For each line of the data below, copy it if it holds the word "grey".

Extracted material below:

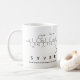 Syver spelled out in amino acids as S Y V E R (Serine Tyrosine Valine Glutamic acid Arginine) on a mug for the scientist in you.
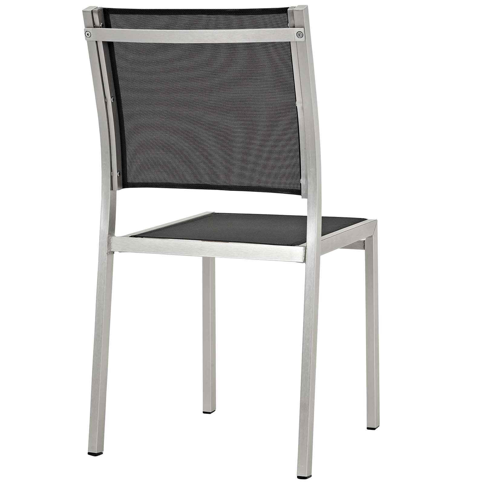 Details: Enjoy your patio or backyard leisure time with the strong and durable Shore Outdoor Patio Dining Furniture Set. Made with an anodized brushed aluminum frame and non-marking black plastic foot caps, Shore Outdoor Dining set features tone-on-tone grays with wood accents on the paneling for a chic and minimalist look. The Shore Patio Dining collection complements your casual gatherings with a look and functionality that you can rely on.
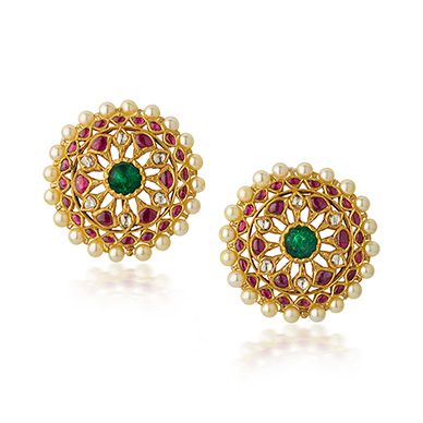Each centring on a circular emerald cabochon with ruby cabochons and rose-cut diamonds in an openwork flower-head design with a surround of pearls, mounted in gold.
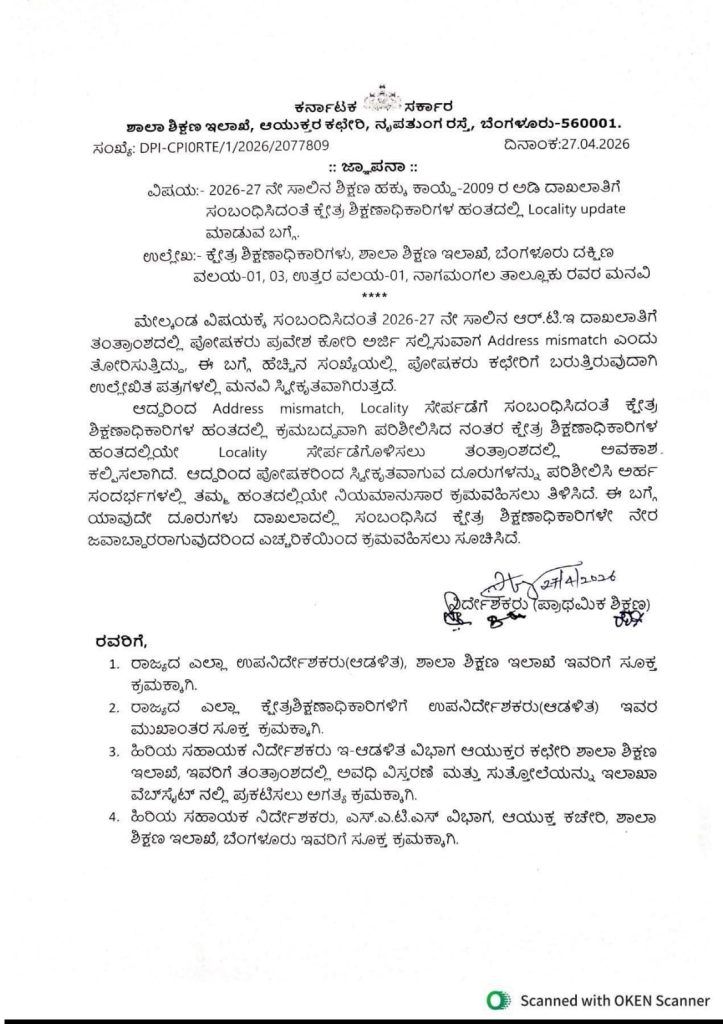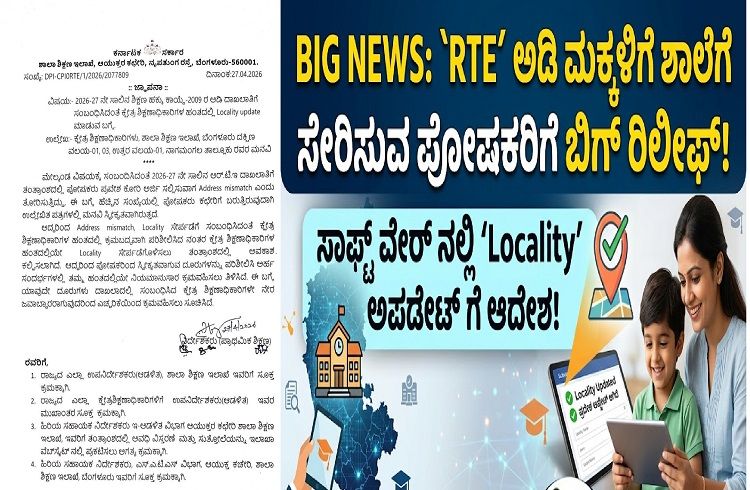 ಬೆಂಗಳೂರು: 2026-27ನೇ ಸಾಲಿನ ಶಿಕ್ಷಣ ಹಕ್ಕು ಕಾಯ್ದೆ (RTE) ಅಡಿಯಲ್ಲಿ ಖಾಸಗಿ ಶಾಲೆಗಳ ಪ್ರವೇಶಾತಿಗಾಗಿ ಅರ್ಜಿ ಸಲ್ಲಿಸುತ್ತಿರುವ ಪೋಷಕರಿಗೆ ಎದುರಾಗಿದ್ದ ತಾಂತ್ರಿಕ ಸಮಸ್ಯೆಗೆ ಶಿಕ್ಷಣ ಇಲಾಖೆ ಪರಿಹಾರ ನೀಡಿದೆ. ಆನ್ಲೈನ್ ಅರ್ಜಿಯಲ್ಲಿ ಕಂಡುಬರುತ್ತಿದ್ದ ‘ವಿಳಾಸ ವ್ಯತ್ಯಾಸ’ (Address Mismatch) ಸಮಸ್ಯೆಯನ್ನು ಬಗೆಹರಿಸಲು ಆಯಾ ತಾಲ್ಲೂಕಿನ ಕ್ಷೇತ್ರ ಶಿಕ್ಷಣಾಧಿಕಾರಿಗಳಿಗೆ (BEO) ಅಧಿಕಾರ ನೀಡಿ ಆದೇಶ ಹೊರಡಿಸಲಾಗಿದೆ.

End of Extracted material.
Extracted material below:

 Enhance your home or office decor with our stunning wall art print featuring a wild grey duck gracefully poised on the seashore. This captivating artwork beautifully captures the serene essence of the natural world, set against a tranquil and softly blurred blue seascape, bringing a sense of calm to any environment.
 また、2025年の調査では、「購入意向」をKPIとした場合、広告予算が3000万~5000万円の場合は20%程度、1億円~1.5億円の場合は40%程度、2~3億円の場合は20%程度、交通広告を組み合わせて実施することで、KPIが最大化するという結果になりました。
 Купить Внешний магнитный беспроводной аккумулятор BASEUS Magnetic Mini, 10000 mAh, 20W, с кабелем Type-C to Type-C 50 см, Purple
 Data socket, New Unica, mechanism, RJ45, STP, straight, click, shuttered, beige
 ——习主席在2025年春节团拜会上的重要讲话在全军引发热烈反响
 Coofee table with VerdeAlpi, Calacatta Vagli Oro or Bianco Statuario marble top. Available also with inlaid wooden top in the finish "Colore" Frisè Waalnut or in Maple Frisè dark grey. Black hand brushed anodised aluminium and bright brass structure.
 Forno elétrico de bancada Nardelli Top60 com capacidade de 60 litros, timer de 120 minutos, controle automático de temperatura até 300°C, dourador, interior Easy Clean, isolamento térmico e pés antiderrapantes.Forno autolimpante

End of Extracted material.

> **Answer to this task**:
 Enhance your home or office decor with our stunning wall art print featuring a wild grey duck gracefully poised on the seashore. This captivating artwork beautifully captures the serene essence of the natural world, set against a tranquil and softly blurred blue seascape, bringing a sense of calm to any environment.
 Coofee table with VerdeAlpi, Calacatta Vagli Oro or Bianco Statuario marble top. Available also with inlaid wooden top in the finish "Colore" Frisè Waalnut or in Maple Frisè dark grey. Black hand brushed anodised aluminium and bright brass structure.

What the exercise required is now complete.